Description of the task — Go through the records and set each one down exactly, skipping any picture.

Supplied material —
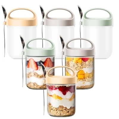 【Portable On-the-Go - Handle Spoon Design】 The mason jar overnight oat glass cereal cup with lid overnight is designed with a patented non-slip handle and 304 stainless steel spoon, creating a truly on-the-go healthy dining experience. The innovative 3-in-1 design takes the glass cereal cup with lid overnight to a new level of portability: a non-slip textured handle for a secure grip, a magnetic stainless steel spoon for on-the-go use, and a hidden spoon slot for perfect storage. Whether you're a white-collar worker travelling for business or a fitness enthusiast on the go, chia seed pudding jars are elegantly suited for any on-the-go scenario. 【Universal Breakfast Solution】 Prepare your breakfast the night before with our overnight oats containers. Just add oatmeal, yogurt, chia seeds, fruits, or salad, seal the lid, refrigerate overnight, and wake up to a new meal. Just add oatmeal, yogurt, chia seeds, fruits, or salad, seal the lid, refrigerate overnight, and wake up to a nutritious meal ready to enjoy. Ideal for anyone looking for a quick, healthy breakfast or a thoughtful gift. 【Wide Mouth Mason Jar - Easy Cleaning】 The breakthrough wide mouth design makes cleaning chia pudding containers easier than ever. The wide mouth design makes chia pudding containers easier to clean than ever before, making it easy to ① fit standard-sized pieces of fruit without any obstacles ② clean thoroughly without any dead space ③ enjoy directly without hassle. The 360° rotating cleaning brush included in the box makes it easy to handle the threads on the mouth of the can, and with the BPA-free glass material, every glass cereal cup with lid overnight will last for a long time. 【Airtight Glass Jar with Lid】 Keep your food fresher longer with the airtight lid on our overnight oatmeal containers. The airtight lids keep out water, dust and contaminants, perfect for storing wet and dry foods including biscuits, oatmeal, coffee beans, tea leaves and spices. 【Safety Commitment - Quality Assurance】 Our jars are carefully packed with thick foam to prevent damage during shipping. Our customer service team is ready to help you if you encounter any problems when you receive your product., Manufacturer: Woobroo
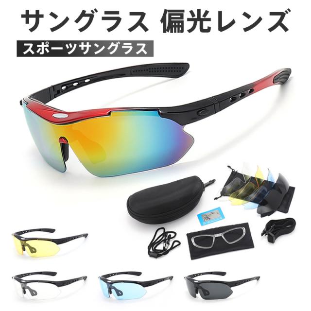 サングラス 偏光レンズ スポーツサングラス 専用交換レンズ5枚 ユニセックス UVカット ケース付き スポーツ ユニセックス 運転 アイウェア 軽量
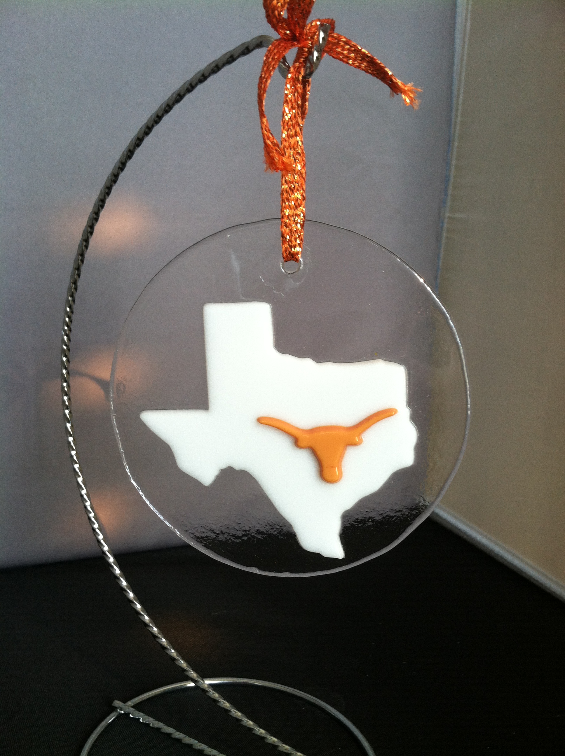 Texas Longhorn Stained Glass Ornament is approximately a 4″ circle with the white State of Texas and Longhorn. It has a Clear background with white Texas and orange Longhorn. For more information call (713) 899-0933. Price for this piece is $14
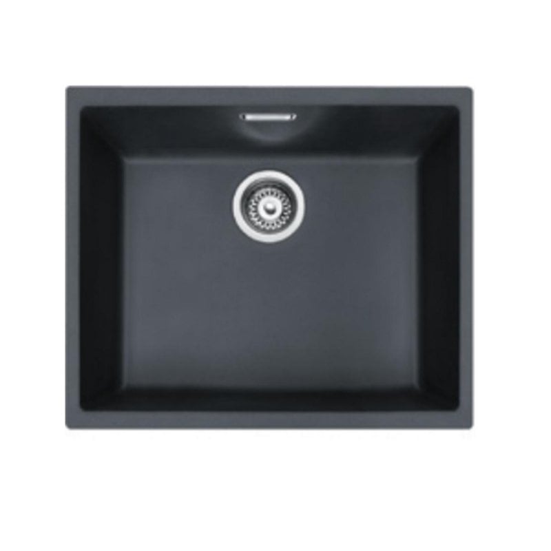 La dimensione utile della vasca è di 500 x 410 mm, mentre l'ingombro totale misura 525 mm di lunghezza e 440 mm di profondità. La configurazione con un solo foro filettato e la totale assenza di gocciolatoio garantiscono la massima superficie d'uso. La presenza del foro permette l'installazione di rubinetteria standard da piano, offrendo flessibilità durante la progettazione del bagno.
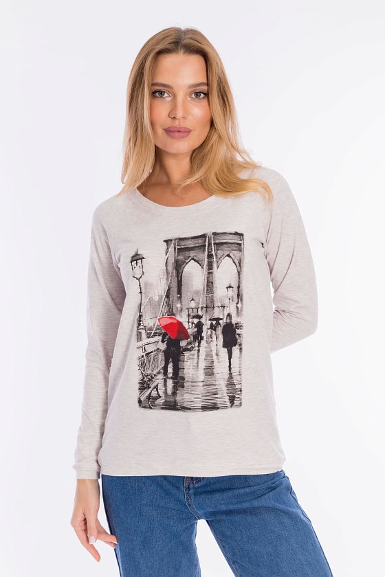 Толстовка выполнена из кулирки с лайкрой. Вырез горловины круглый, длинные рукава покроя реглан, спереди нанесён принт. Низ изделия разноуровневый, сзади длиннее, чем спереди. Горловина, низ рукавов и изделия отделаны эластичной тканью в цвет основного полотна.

Written solution —
 【Portable On-the-Go - Handle Spoon Design】 The mason jar overnight oat glass cereal cup with lid overnight is designed with a patented non-slip handle and 304 stainless steel spoon, creating a truly on-the-go healthy dining experience. The innovative 3-in-1 design takes the glass cereal cup with lid overnight to a new level of portability: a non-slip textured handle for a secure grip, a magnetic stainless steel spoon for on-the-go use, and a hidden spoon slot for perfect storage. Whether you're a white-collar worker travelling for business or a fitness enthusiast on the go, chia seed pudding jars are elegantly suited for any on-the-go scenario. 【Universal Breakfast Solution】 Prepare your breakfast the night before with our overnight oats containers. Just add oatmeal, yogurt, chia seeds, fruits, or salad, seal the lid, refrigerate overnight, and wake up to a new meal. Just add oatmeal, yogurt, chia seeds, fruits, or salad, seal the lid, refrigerate overnight, and wake up to a nutritious meal ready to enjoy. Ideal for anyone looking for a quick, healthy breakfast or a thoughtful gift. 【Wide Mouth Mason Jar - Easy Cleaning】 The breakthrough wide mouth design makes cleaning chia pudding containers easier than ever. The wide mouth design makes chia pudding containers easier to clean than ever before, making it easy to ① fit standard-sized pieces of fruit without any obstacles ② clean thoroughly without any dead space ③ enjoy directly without hassle. The 360° rotating cleaning brush included in the box makes it easy to handle the threads on the mouth of the can, and with the BPA-free glass material, every glass cereal cup with lid overnight will last for a long time. 【Airtight Glass Jar with Lid】 Keep your food fresher longer with the airtight lid on our overnight oatmeal containers. The airtight lids keep out water, dust and contaminants, perfect for storing wet and dry foods including biscuits, oatmeal, coffee beans, tea leaves and spices. 【Safety Commitment - Quality Assurance】 Our jars are carefully packed with thick foam to prevent damage during shipping. Our customer service team is ready to help you if you encounter any problems when you receive your product., Manufacturer: Woobroo
 サングラス 偏光レンズ スポーツサングラス 専用交換レンズ5枚 ユニセックス UVカット ケース付き スポーツ ユニセックス 運転 アイウェア 軽量
 Texas Longhorn Stained Glass Ornament is approximately a 4″ circle with the white State of Texas and Longhorn. It has a Clear background with white Texas and orange Longhorn. For more information call (713) 899-0933. Price for this piece is $14
 La dimensione utile della vasca è di 500 x 410 mm, mentre l'ingombro totale misura 525 mm di lunghezza e 440 mm di profondità. La configurazione con un solo foro filettato e la totale assenza di gocciolatoio garantiscono la massima superficie d'uso. La presenza del foro permette l'installazione di rubinetteria standard da piano, offrendo flessibilità durante la progettazione del bagno.
 Толстовка выполнена из кулирки с лайкрой. Вырез горловины круглый, длинные рукава покроя реглан, спереди нанесён принт. Низ изделия разноуровневый, сзади длиннее, чем спереди. Горловина, низ рукавов и изделия отделаны эластичной тканью в цвет основного полотна.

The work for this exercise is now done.